Такое же медленное, но отчасти успешное восстановление уже внутреннего мира описано в рассказе «Сентенция»: «доходяга», оказавшийся в партии геологоразведки и получивший возможность мало работать, много отдыхать, что-то все-таки есть, как-то греться, постепенно начинает замечать окружающий мир, испытывать эмоции, связывать факты, вспоминать слова. Последними возвращаются такие нелагерные вещи, как способность слушать музыку, ощущать себя частью истории, понимать и строить метафоры, писать стихи. Заключительная фраза рассказа написана поэтом, вспомнившим, кто он:

Шеллачная пластинка кружилась и шипела, кружился сам пень, заведенный на все свои триста кругов, как тугая пружина, закрученная на целых триста лет. (1: 406)

Но если клейма лагерей сходят, зарастают, если со временем восстанавливается даже способность писать стихи, если тело, получив передышку, позволяет своему хозяину вернуться пусть и не в прежнего себя, но куда-то, в какую-то жизнь, – тогда постоянство и демонстративность нарушений грамматического строя будут указывать на то, что условия, вызвавшие эти нарушения, все еще в силе. Сохраняя на грамматическом уровне порожденные лагерем искажения, Шаламов таким образом создает ощущение не просто достоверности, но настоятельной сиюминутности происходящего.

Возникает следующая ситуация: с одной стороны, показания любого повествователя (или любого персонажа, на котором фокусируется нарратив от третьего лица) заведомо недостоверны и неверны, ибо источник информации, пребывая в состоянии распада всех функций, неспособен ни воспринимать происходящее с какой-либо степенью адекватности, ни запомнить уже произошедшее, ни воспроизвести свой опыт.
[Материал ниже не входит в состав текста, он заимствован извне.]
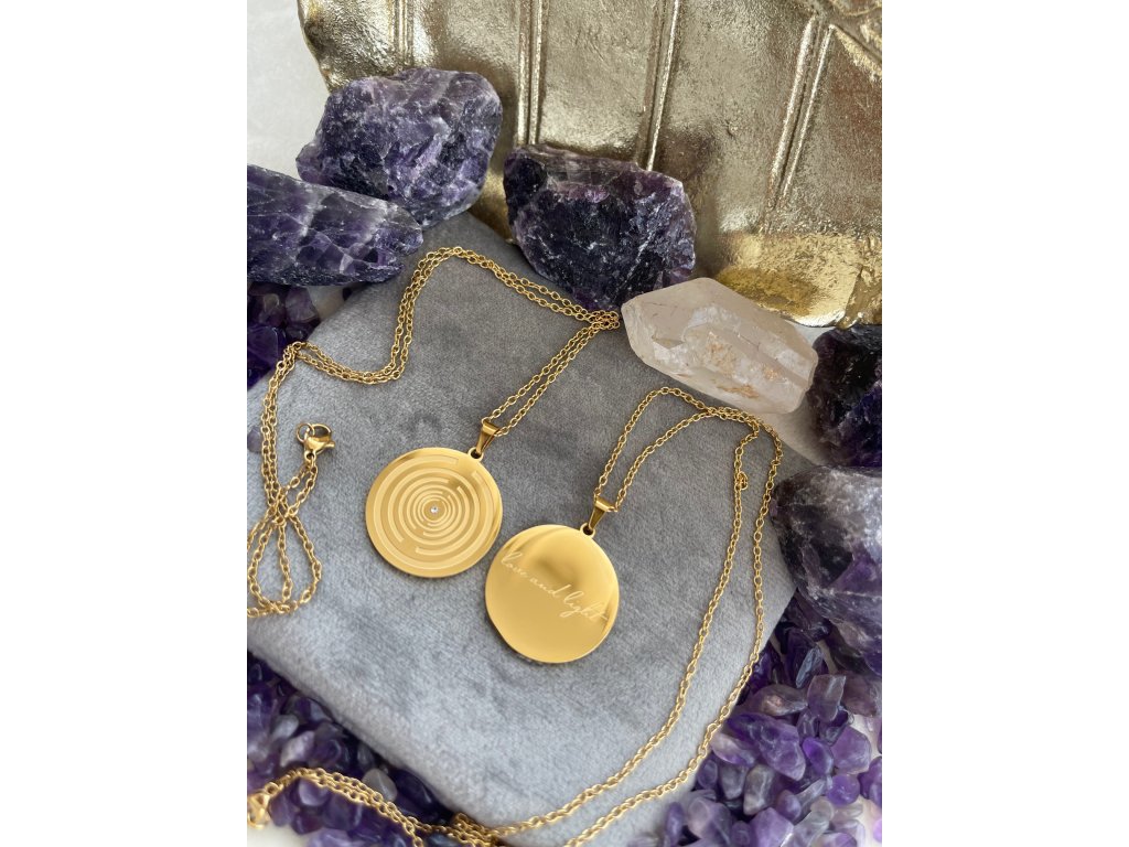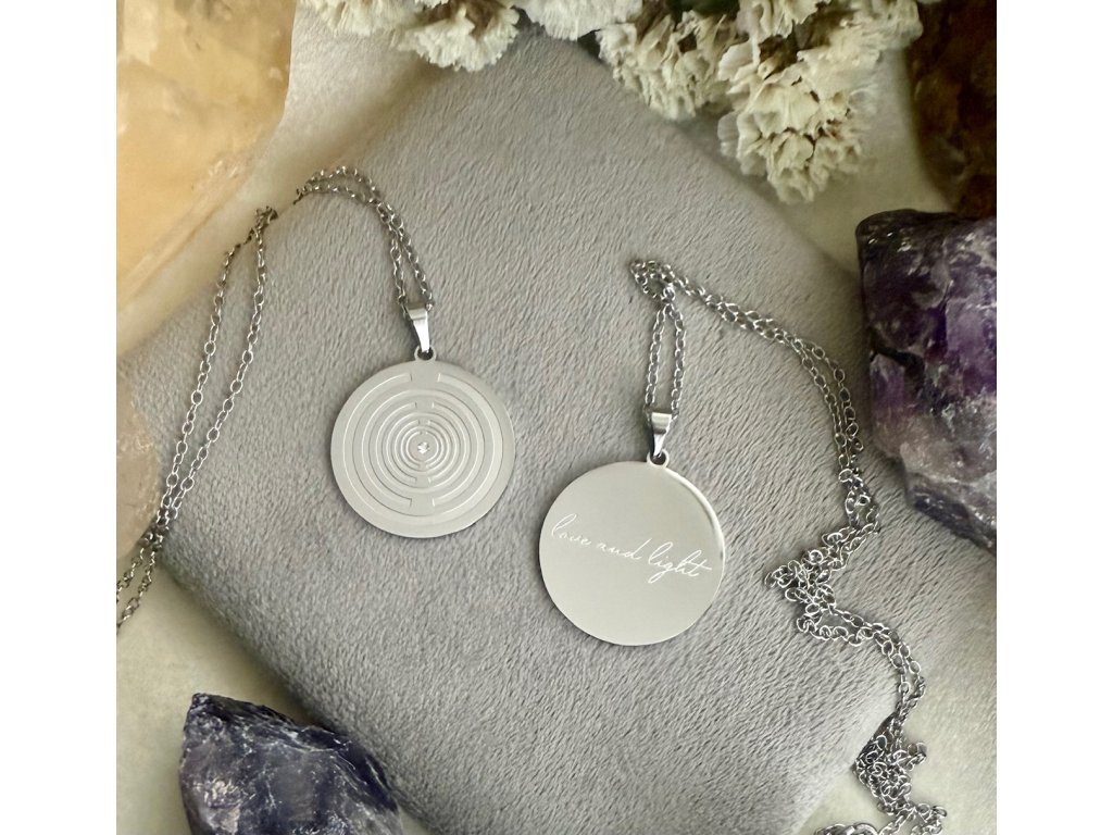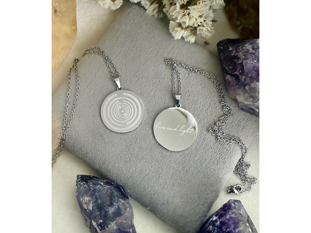 Na zadní straně medailonu je jemně vyrytý nápis „Love and Light“. Tento duchovní záměr symbolizuje lásku a světlo jako transformační síly, které harmonizují vnitřní svět nositele a šíří pozitivní energii do jeho okolí. -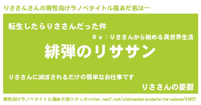 | 女子向けラノベタイトル風あだ名 | 『シンデレラりささん家の靴箱館』 |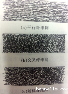纤维随机杂乱式的成网可形成随机排列纤维网。气流成网、毡化、高聚物挤出式成网、湿法成网,都具有纤维随机排列的特征。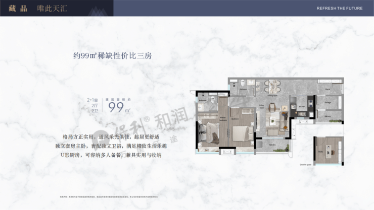 项目主推99-188㎡三至五房户型,涵盖刚需、改善、终极改善全需求: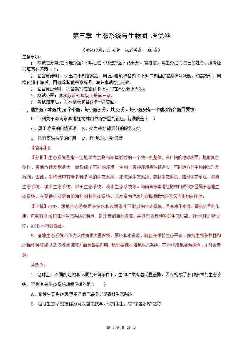 第3章 生态系统和生物圈【B卷·培优卷】(解析版)-七年级生物上册生物(苏科版2024)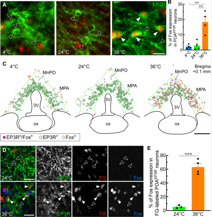 然而,目前研究人員并不清楚視前區(qū)中的那種神經(jīng)元能釋放增加或降低機(jī)體體溫的指令,為了識(shí)別出到底是哪種神經(jīng)元,研究者Kazuhiro Nakamura等人對(duì)大鼠進(jìn)行研究,重點(diǎn)分析了其視前區(qū)中EP3神經(jīng)元,該神經(jīng)元能表達(dá)PGE2的EP3受體,同時(shí)研究人員還調(diào)查了其調(diào)節(jié)機(jī)體體溫的功能。這項(xiàng)研究中,研究人員首次分析了視前區(qū)中EP3神經(jīng)元的活性是如何隨著環(huán)境溫度的改變而發(fā)生變化;大鼠所處的舒適環(huán)境溫度約為28度,在兩個(gè)小時(shí)內(nèi),研究人員將大鼠暴露于寒冷(4度)、室溫(24度)和高溫(36度)環(huán)境中,研究結(jié)果表明,暴露于36度下或能激活EP3神經(jīng)元,而暴露于4度和24度下則并不會(huì)。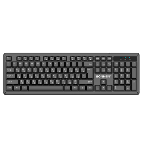 Беспроводная клавиатура SONNEN 1065, имеет современный дизайн, а также оснащена бесшумными клавишами, которые позволяют сфокусироваться на работе за компьютером и ноутбуком. Для начала работы необходимо лишь установить наноресивер в свободный USB-порт.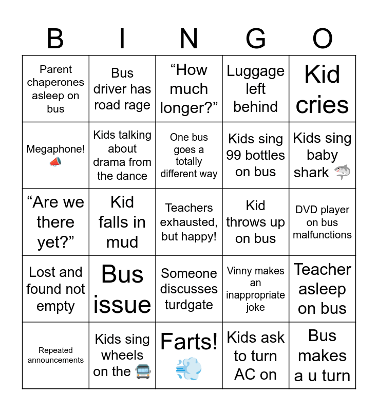 This bingo card has a free space and 24 words: Bus issue, Kids sing wheels on the π, One bus goes a totally different way, Repeated announcements, Kid cries, Parent chaperones asleep on bus, Megaphone! π£, Bus driver has road rage, Kid throws up on bus, Someone discusses turdgate, Kids sing 99 bottles on bus, βAre we there yet?β, Vinny makes an inappropriate joke, Teacher asleep on bus, Kids talking about drama from the dance, Kids ask to turn AC on, DVD player on bus malfunctions, βHow much longer?β, Kids sing baby shark π¦, Kid falls in mud, Bus makes a u turn, Lost and found not empty, Luggage left behind and Farts!π¨.
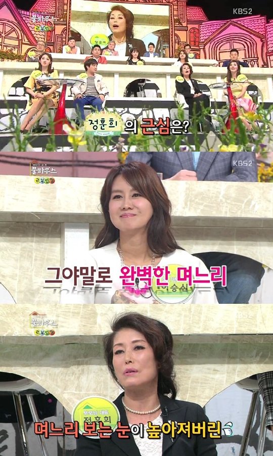 정훈희는 28일 오후 방송된 KBS 2TV '가족의 품격-풀하우스'에 출연, "가상 며느리였던 소유 때문에 며느리 보는 눈이 높아졌다"고 말했다.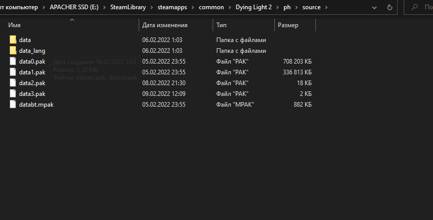 - Копируем файл "data0.pak" по адресу "...\Dying Light 2\ph\source".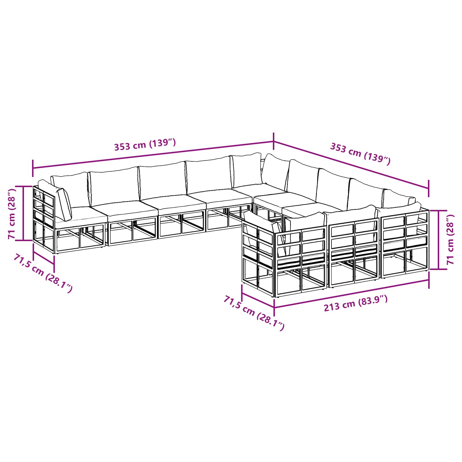 Garten-Sofa-Set 11 pcs Schwarz 70 x 70 x 32 cm Aluminium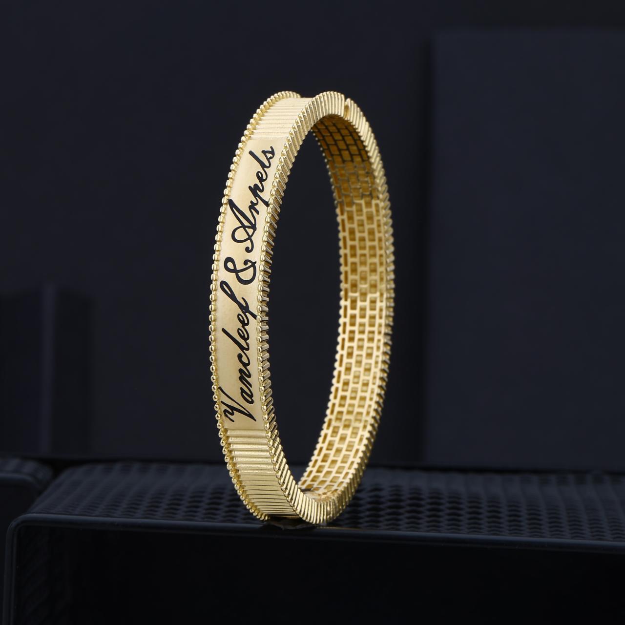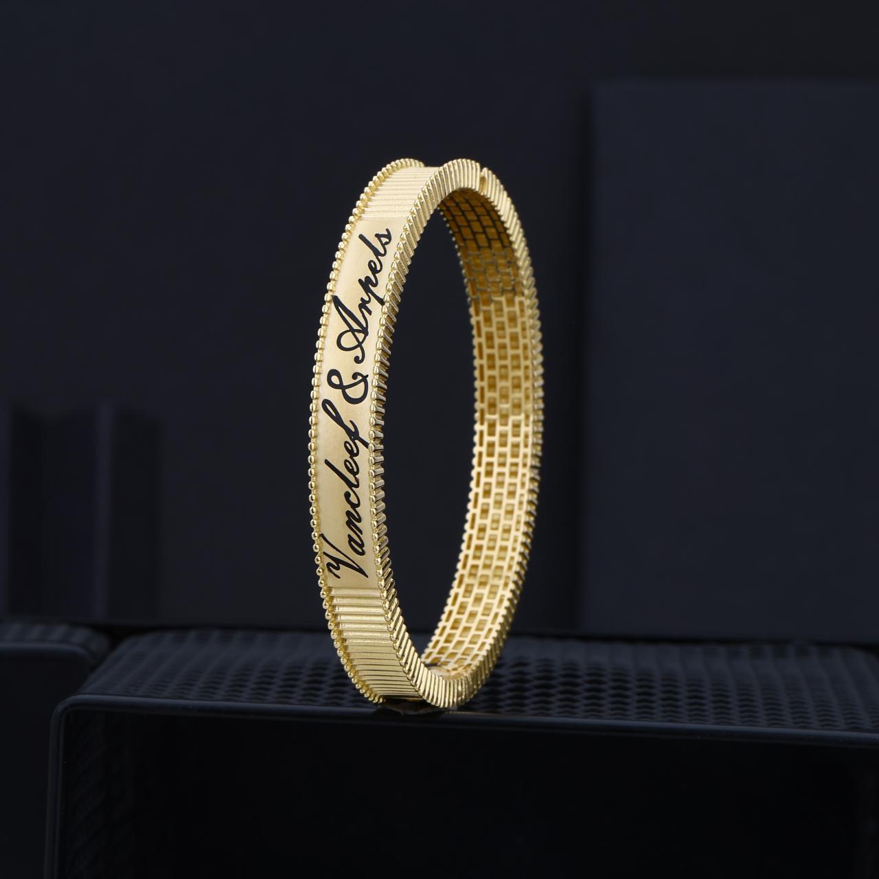 This premium gold bangle features a bold, structured design with a distinctive beaded edge. The outer surface is engraved with "VanCleef & Arpels" in an elegant script, while the interior showcases an intricate lattice or honeycomb pattern. It is a sophisticated, high-polished piece that combines classic branding with modern architectural detail.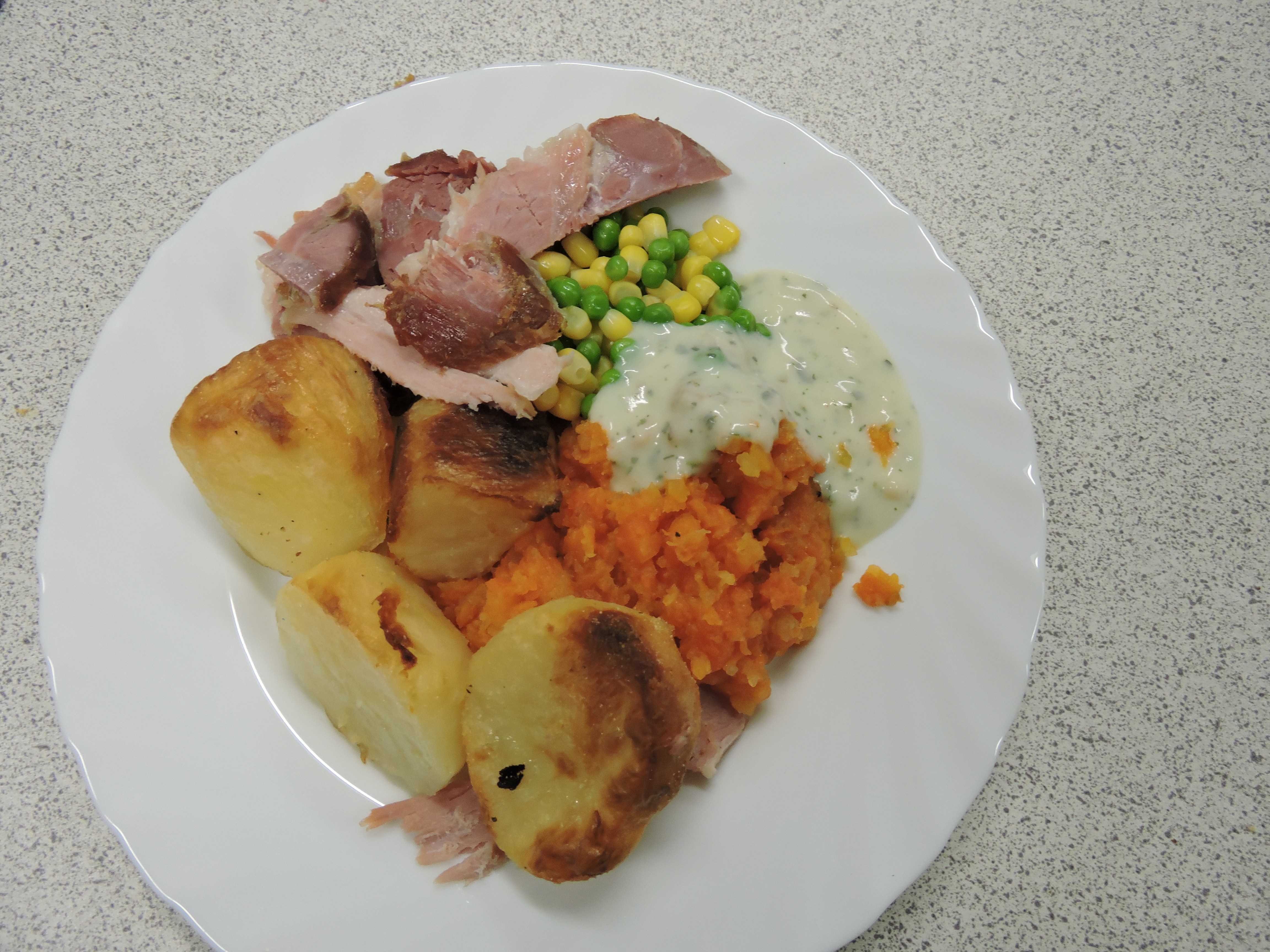 their own right winning prizes. We met to enjoy a supper of ham with parsley sauce, roast potatoes, peas, sweet corn and carrots.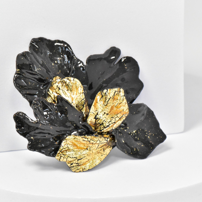 Broșele din lut polimeric și rășină epoxidică, lucrate manual, sunt bijuterii unice care îmbină arta și eleganța într-o formă compactă. Fiecare broșă este realizată cu atenție la detalii, modelată din lut polimeric pentru a crea forme și motive distinctive, de la flori stilizate la modele abstracte. Stratul de rășină epoxidică adaugă o strălucire clară și protejează designul, oferindu-i durabilitate și un finisaj rafinat.
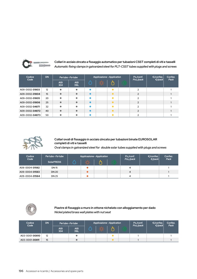 Collari ovali di fissaggio in acciaio zincato per tubazioni binate EUROSOLAR

Не говоря уже о том, что языка, на котором этот опыт можно было бы отобразить, в рамках текста просто не существует. Впрочем, в рамках внешнего по отношению к тексту мира его не существует тоже.

До какого-то момента может казаться, что автор «Колымских рассказов» работает с проблемой непереводимости лагерного опыта в том же ключе, что и Примо Леви в «Человек ли это» и «Канувших и спасенных» или следовавший за Леви Джорджо Агамбен. Может казаться, что Шаламов сходным образом считает свидетельство о лагере задачей в принципе нерешаемой, поскольку те, кто слился с лагерем вполне (мертвецы и приравненные к ним лица – «доходяги», «мусульмане»), неспособны этим опытом поделиться и по определению не будут поняты. Между читателем и предметом изображения – непроницаемый барьер. Опыта смерти нет ни у кого из живущих, включая автора.

Но в «Колымских рассказах» сама неспособность перевести лагерь на язык живых станет средством описать лагерь. И по характеру травм, пробелов, слабых мест можно будет судить о среде, произведшей в людях эти изменения.

Так, Шкловский некогда предлагал убедиться в том, что революция была, «вложив руку в рану» на трамвайном столбе на углу Гребецкой и Пушкарской: «Она широка, столб пробит трехдюймовым снарядом» (Шкловский 1990: 151). Воспроизведенная травма позволяет аудитории «Колымских рассказов» подвергнуть сомнению каждое конкретное слово – но не дает усомниться во всем объеме опыта. Читателю есть куда вложить персты.

Кроме того, распадающийся и окостеневший, превратившийся в предмет, потерявший большую часть словаря, забывший имя жены, лишенный воли и мотивации свидетель (повествователь, персонаж) неспособен также и лгать. Для лжи требуется слишком большое усилие, требуются ресурсы, которых у «доходяги» нет. Он будет сообщать только правду – как он ее видит. Вместе с помехами, которые окружающая среда внесла в его нарратив. Эти помехи тоже будут правдой.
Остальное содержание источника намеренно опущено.